--- START ---
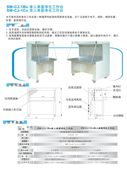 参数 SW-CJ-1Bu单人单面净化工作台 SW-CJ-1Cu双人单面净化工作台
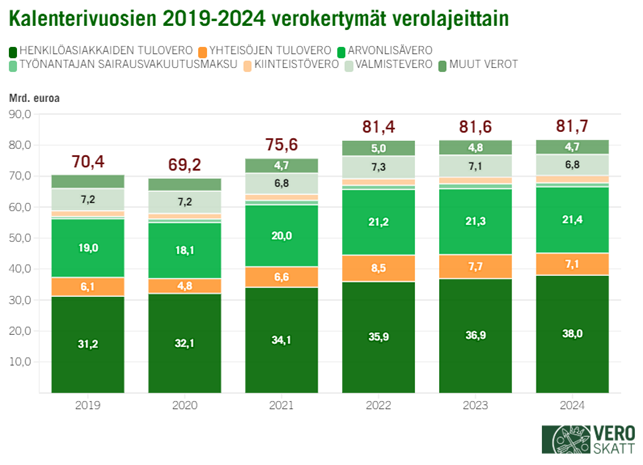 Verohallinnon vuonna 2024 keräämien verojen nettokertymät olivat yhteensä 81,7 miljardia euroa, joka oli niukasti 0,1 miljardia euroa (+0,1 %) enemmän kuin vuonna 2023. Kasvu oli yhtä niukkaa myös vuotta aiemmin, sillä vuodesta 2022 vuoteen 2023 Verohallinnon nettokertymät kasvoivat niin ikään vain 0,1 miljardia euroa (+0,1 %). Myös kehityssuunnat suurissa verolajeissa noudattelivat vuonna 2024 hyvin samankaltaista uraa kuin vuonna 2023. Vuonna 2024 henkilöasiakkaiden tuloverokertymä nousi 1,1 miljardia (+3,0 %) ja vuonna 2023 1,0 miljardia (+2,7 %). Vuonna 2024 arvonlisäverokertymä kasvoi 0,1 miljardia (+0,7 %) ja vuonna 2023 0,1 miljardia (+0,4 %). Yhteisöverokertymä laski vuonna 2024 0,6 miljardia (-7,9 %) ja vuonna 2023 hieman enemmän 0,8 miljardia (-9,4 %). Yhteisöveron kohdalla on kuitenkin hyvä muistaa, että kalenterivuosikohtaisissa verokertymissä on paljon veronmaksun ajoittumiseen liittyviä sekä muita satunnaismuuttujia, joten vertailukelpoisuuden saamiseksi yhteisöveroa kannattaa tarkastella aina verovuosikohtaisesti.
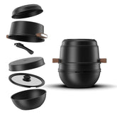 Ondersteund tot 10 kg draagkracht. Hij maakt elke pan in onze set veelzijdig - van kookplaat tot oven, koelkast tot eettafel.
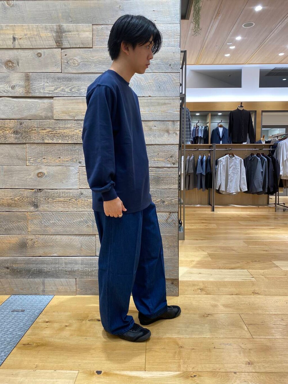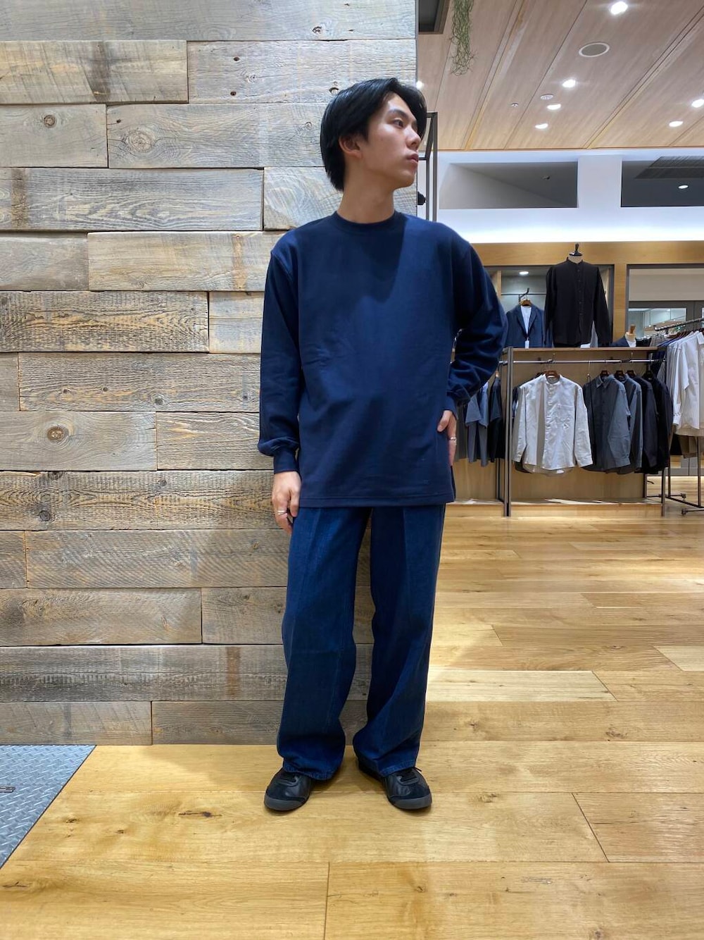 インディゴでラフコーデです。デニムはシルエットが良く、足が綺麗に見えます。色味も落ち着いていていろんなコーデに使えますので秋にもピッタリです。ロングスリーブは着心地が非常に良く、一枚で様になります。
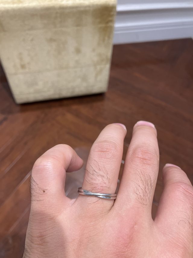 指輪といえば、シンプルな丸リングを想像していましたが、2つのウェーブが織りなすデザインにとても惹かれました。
--- END ---
Only the lines from the line with "Ondersteund tot 10" to the bottom of the material above should be reproduced, exactly and without pictures.

 Ondersteund tot 10 kg draagkracht. Hij maakt elke pan in onze set veelzijdig - van kookplaat tot oven, koelkast tot eettafel.
 インディゴでラフコーデです。デニムはシルエットが良く、足が綺麗に見えます。色味も落ち着いていていろんなコーデに使えますので秋にもピッタリです。ロングスリーブは着心地が非常に良く、一枚で様になります。
 指輪といえば、シンプルな丸リングを想像していましたが、2つのウェーブが織りなすデザインにとても惹かれました。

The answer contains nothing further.